Un sujet qui anime le Village de la Justice [1] et que nous analysons donc pour vous ici.

La perspective proposée par l’association est de mettre le secteur juridique en route vers la notion de filière intégrée coopérativement entre tous les acteurs du Droit, associant dans "l’industrie juridique" à la fois la recherche, les acteurs de la technologie juridique et les praticiens du droit pour favoriser le développement des autres filières industrielles et plus globalement de l’économie.

Quels sont le but et les enjeux fondamentaux de la notion de "filière juridique" ?

Donnons la parole à Louis Gallois [2] qui a présenté récemment les filières industrielles ainsi : "Les Etats généraux de l’industrie (en 2009) ont montré qu’une des faiblesses de l’industrie française était le manque de solidarité entre les entreprises d’une même chaîne de valeur.
Les relations entre les grands donneurs d’ordres, leurs fournisseurs et leurs sous-traitants sont trop souvent dégradées et n’ont pas toujours permis le développement d’un secteur.
Pour encourager les entreprises d’un même secteur à identifier leurs intérêts communs et à organiser des relations plus constructives et plus confiantes, le gouvernement français a pérennisé le Conseil national de l’industrie (CNI) qui s’est organisé en quatorze filières.

Chacune a préparé un "contrat de filière" qui aborde différents enjeux communs : stratégie à dix ans, politique de formation, relations entre grands groupes et PME, démarche collective à l’export, mutualisation des achats, co-développement, etc.
Nombre d’instruments de politique publique ont été mis au service de cette structuration des filières existantes ou du développement de filières nouvelles.

"La notion de filière est aujourd’hui un élément important de la politique industrielle en France."

34 plans industriels récemment annoncé dans le "Plan de relance" trouvent leur origine dans les travaux des comités de filières.

La notion de filière est donc aujourd’hui un élément important de la politique industrielle en France.
L’imprécision de ce concept permet de l’utiliser avec souplesse. Il résume et symbolise tout à la fois une culture de solidarité, d’action collective, d’écosystème, en un mot de confiance. Il permet de mobiliser en faveur de la nécessaire montée en gamme de notre industrie.
" [3]

Parler de "filière juridique" acte donc le fait que l’on se rapproche de la notion d’"industrie juridique" et d’une grande échelle de marché. Il s’agit ici de suggérer une présence massive du droit à tous les niveaux de l’économie, c’est assez inédit par rapport aux autres filières... qui à ce jour sont réellement industrielles, et non de services ; c’est sans doute le second enjeu de disruption de l’initiative - après sa propre création.

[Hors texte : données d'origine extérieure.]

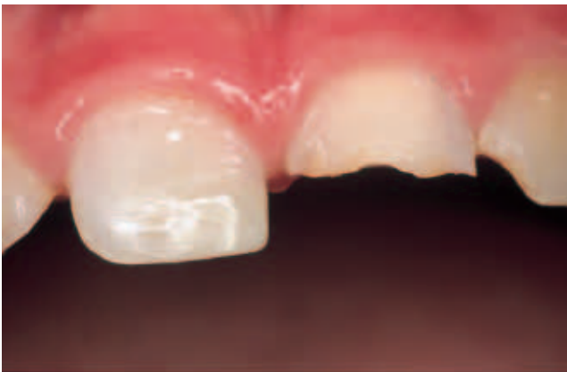
Fig 2 Endodontic treatment was performed on teeth 11 and 21. A direct composite restoration was placed on tooth 11.

L’initiative de l’Association Filière des Services Juridiques et du Droit en détail :

Jean-Marie Valentin, initiateur du projet avec un collège pluri-disciplinaire composé de personnalités issues de différents horizons, annonce "une volonté de jouer collectif dans un souci d’intérêt général, pour libérer des énergies et fédérer le monde juridique.
Ce projet est une grande évidence pour nous : il suffit de nommer les choses pour qu’elles apparaissent, et il existe aujourd’hui selon nous une filière juridique en France, des acteurs qui génèrent une activité qui concourent à la réalisation d’un service, autour d’une proposition de valeur.

"Cette filière n’est pas un concept, c’est une réalité économique, industrielle, organisationnelle."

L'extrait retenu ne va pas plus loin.